We’ve never been able to approach this problem before, so by showing that the lemurs could be compared in this way, it helped us get away from the Beach-Bitterman trap for the first time. By using phylogenetic tools, we could compare closely related species but make conclusions about patterns that we see in multiple sets of distantly related species, and essentially look for convergence, which is the same process happening multiple times across the tree of life.

People got excited. We started going to all our friends who we knew had interesting animals and interesting populations of animals that could participate. Was it a random sampling? No. Was it a perfect sampling? No. It was our attempt at a proof of concept. We chose inhibitory control on purpose because we knew that that was something people could do quickly, it wouldn’t require training, and it was a problem that all animals would need to be able to solve. And we were right. We had everything from swamp sparrows to elephants participate in this. We found this interesting pattern that brain size and how many types of food you eat are what matter. But it was really a proof of concept. We published it in Proceedings of the National Academy of Sciences and it’s been very well received.

The question is, what’s next? How do we move this field forward? We know we can do this now. We know, as a community, that we can get people to work together, we can identify a problem, we can solve the Beach-Bitterman trap, and we can test the big evolutionary hypotheses for psychological evolution.
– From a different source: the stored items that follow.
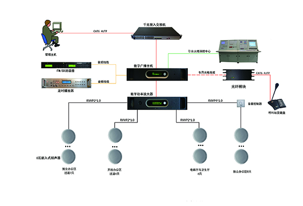近年來(lái),辦公大樓、購(gòu)物中心和其他大規(guī)模建筑工程對(duì)于公共廣播系統(tǒng)能夠具備呼叫分配、播音、背景音樂(lè)及對(duì)建筑物內(nèi)的特定區(qū)域進(jìn)行常規(guī)信息播放的功能之要求日益增加??坪^k公樓廣播系統(tǒng)的設(shè)計(jì),順應(yīng)潮流和科技發(fā)展趨勢(shì),從投資合理、外觀(guān)美觀(guān)、設(shè)計(jì)規(guī)范的設(shè)計(jì)原則出發(fā),要求廣播系統(tǒng)具備如下功能:①兼顧背景音樂(lè)、公共廣播、消防廣播的功能;②全數(shù)字結(jié)構(gòu);③結(jié)合防火分區(qū)劃分廣播分區(qū);④各廣播分區(qū)獨(dú)立音源、獨(dú)立廣播;⑤緊急廣播具備優(yōu)先控制權(quán)。
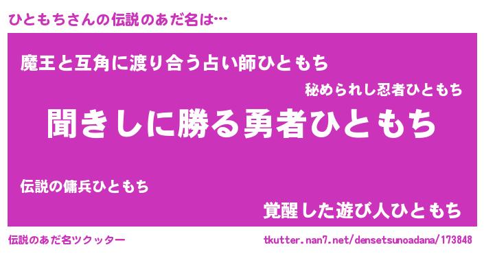 | ヒーロー風カッコイイあだ名 | 『ネオヒトモチ』『愛の使者ひともち』 |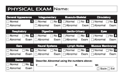 Save writing and record keeping time with this white physical exam label Check boxes for quick reference

We could even put them into competition against each other. We can say, “Okay, was it really social evolution? Was it foraging? Is it brain size? Is it relative brain size?” We can put those things into competition.

A lot of people have ideas about how psychology evolves, whether it’s my PhD advisor talking about the importance of cooking, which emanates from thinking about increases in energy and how that affects brain evolution, or somebody arguing about the importance of self-control in evolution. My own PhD advisor, Richard Wrangham, has the idea about the importance of cooking and how it's fundamental to the evolution of human cognition. The energy that it would take to have a human brain evolve, the only way to get there, in his mind, is through cooking.

Then you have somebody like Robert Sapolsky, thinking about the importance of self-control and how self-control would be crucial to cognitive evolution in primates and beyond. My own idea, together with Richard Wrangham, is thinking about selection for friendliness and how if you become more interested in a larger range of social partners, it has a huge impact on the evolution of psychology. These are all fascinating hypotheses, but a hypothesis is only as good as it is testable. Using phylogeny is the way we’re going to test these big ideas and potentially falsify them.

In thinking about selection for friendliness, I need to find a range of times in evolution where I think that selection pressure may have had a big impact. I’m interested in species that live on islands, but also have a population on a continent. The thinking is that when you’ve escaped predation, there’s selection against a defensive fear response. What’s the point if there are no predators that can eat you? I would suspect that something similar to the cognitive evolution that we see between dog and wolf has happened in these island populations.

That’s where phylogenetics and looking at the tree of life and testing these hypotheses is super powerful. It means moving beyond just comparing two species and saying, “Here’s this one species or population that lives on an island and one that doesn’t live on an island; they’re different in the way that I thought they’d be different. Look, this hypothesis is supported.” That’s not convincing to an evolutionary biologist. For an evolutionary biologist studying bacterial evolution, they’d never be impressed by that. So, we can move towards doing evolutionary science by looking at, say, species that live on islands in a variety of island environments.

Another interest of mine is looking at species that are invading urban environments. Let’s say that there were no coyotes west of the Mississippi fifty years ago and now they’re in every state east of the Mississippi. I would predict that coyotes have been selected for friendliness and that their psychology has been shaped in ways that I would predict based on our hypothesis. Through looking at phylogeny, we can choose dozens of species that I would predict had changed based on my hypothesis. We can get collaborators to work with those animals and come up with a task that would challenge their problem-solving ability, to see if that hypothesis was as predictive as we thought it was and potentially falsify it. That’s the progress we’ve never been able to make. That’s the power of this phylogenic approach.

If people are wondering what cognitive evolution might be, the evolution of morphology, the evolution of diet—it’s just studying how the mental processes have evolved. The way to think about cognitive evolution is that it’s the hidden life inside your mind. The underlying assumption of cognitive evolution is that animals also have a hidden life inside their minds. It’s a rejection of the idea that someone like B.F. Skinner or J.B. Watson, of the traditional school of psychology known as behaviorism, would have advocated. Cognitive evolution rejects the notion of a uni-dimensional measure of intelligence, that there’s one form of intelligence, and differences between species are just quantitative and measured at how fast they can learn things.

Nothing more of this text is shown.